RECORDS PROVIDED:
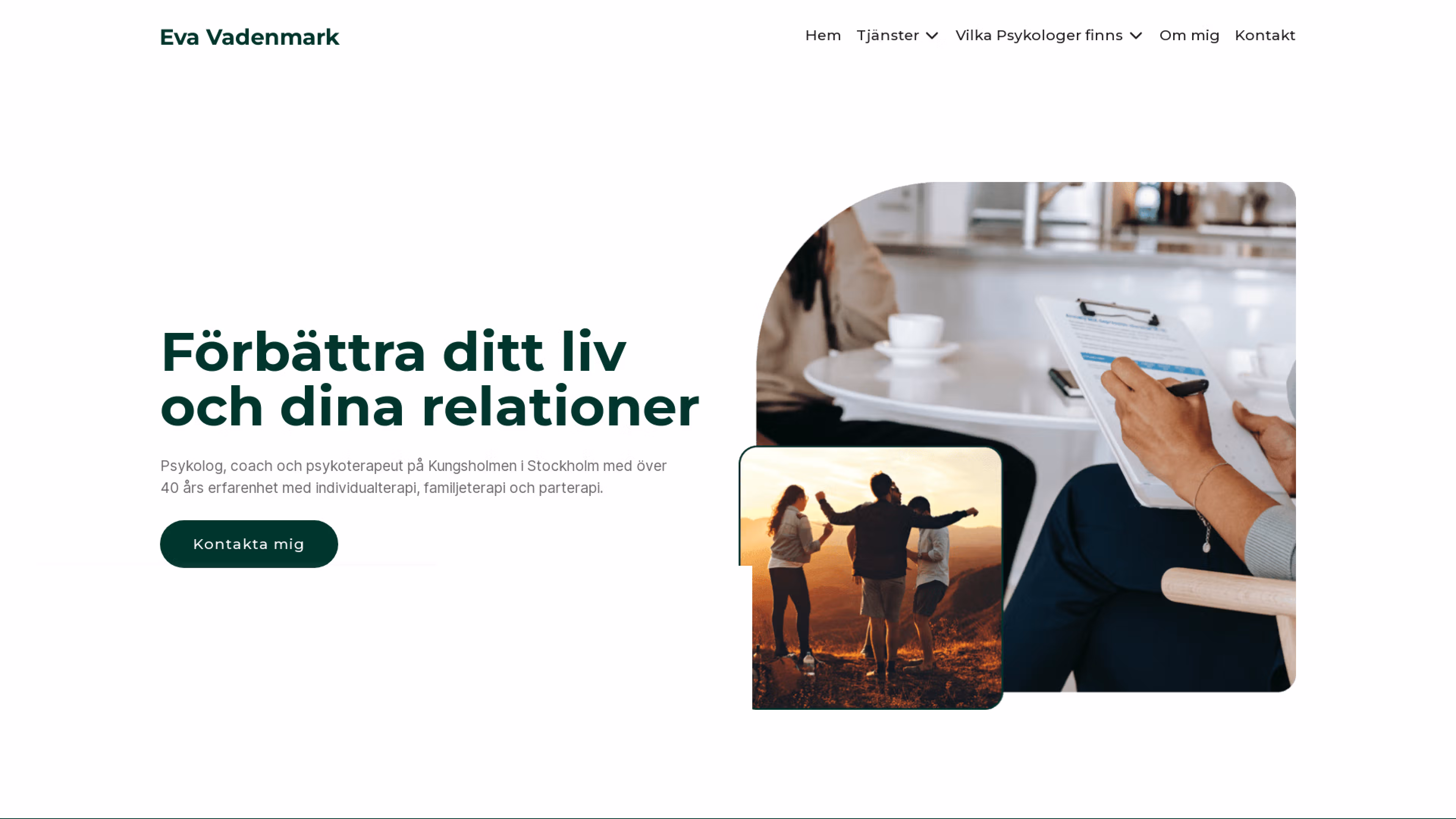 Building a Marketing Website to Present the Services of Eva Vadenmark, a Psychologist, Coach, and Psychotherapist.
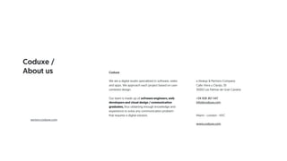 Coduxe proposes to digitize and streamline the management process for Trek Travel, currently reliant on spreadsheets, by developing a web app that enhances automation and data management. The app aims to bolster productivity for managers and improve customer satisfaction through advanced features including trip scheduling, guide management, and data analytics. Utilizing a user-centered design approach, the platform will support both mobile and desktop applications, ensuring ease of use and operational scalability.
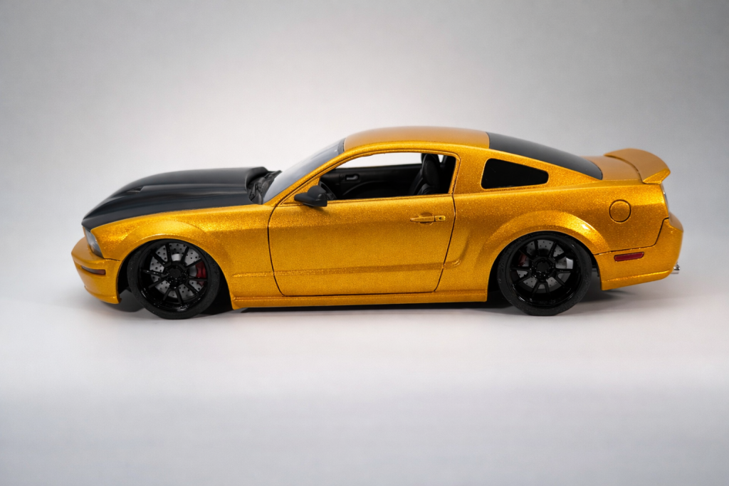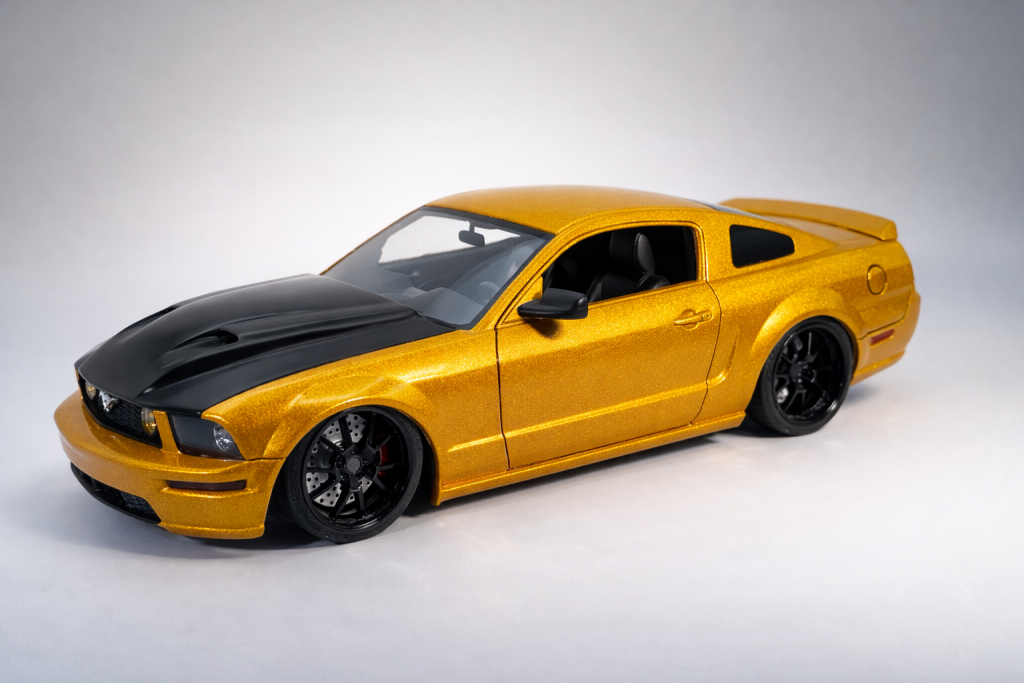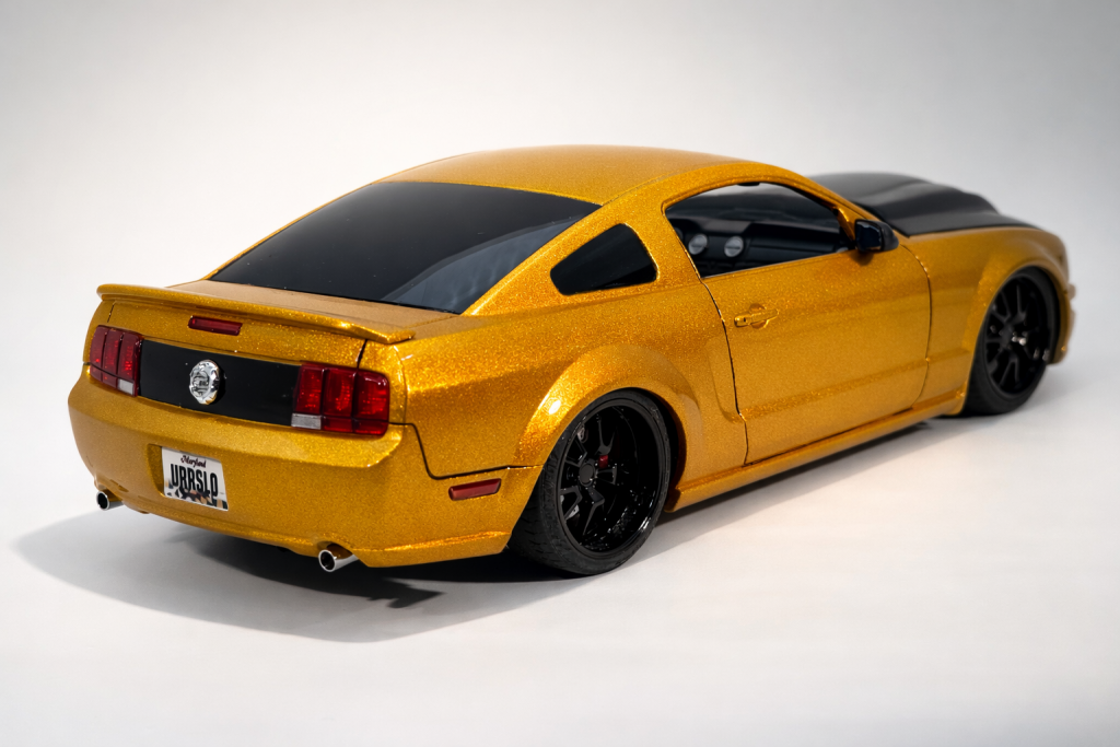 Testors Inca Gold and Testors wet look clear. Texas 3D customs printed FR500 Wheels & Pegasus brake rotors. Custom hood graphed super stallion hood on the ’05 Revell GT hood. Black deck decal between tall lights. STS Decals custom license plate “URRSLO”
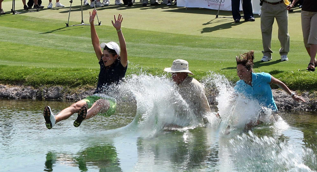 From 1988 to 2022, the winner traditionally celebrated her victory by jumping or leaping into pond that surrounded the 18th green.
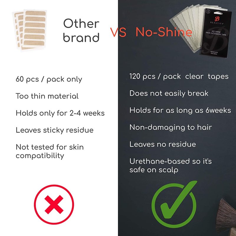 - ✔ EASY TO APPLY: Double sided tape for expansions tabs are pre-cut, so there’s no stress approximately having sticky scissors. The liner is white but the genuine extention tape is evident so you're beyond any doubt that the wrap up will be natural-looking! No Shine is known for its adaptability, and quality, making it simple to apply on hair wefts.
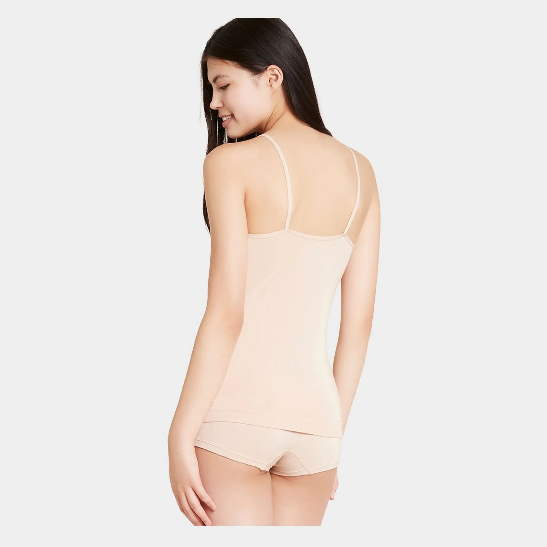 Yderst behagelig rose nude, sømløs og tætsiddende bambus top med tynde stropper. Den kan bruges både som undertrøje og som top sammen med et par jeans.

TO DO: Exact copies of all the entries, without any pictures, are what the answer must contain.

TASK ANSWER:
 Building a Marketing Website to Present the Services of Eva Vadenmark, a Psychologist, Coach, and Psychotherapist.
 Coduxe proposes to digitize and streamline the management process for Trek Travel, currently reliant on spreadsheets, by developing a web app that enhances automation and data management. The app aims to bolster productivity for managers and improve customer satisfaction through advanced features including trip scheduling, guide management, and data analytics. Utilizing a user-centered design approach, the platform will support both mobile and desktop applications, ensuring ease of use and operational scalability.
 Testors Inca Gold and Testors wet look clear. Texas 3D customs printed FR500 Wheels & Pegasus brake rotors. Custom hood graphed super stallion hood on the ’05 Revell GT hood. Black deck decal between tall lights. STS Decals custom license plate “URRSLO”
 From 1988 to 2022, the winner traditionally celebrated her victory by jumping or leaping into pond that surrounded the 18th green.
 - ✔ EASY TO APPLY: Double sided tape for expansions tabs are pre-cut, so there’s no stress approximately having sticky scissors. The liner is white but the genuine extention tape is evident so you're beyond any doubt that the wrap up will be natural-looking! No Shine is known for its adaptability, and quality, making it simple to apply on hair wefts.
 Yderst behagelig rose nude, sømløs og tætsiddende bambus top med tynde stropper. Den kan bruges både som undertrøje og som top sammen med et par jeans.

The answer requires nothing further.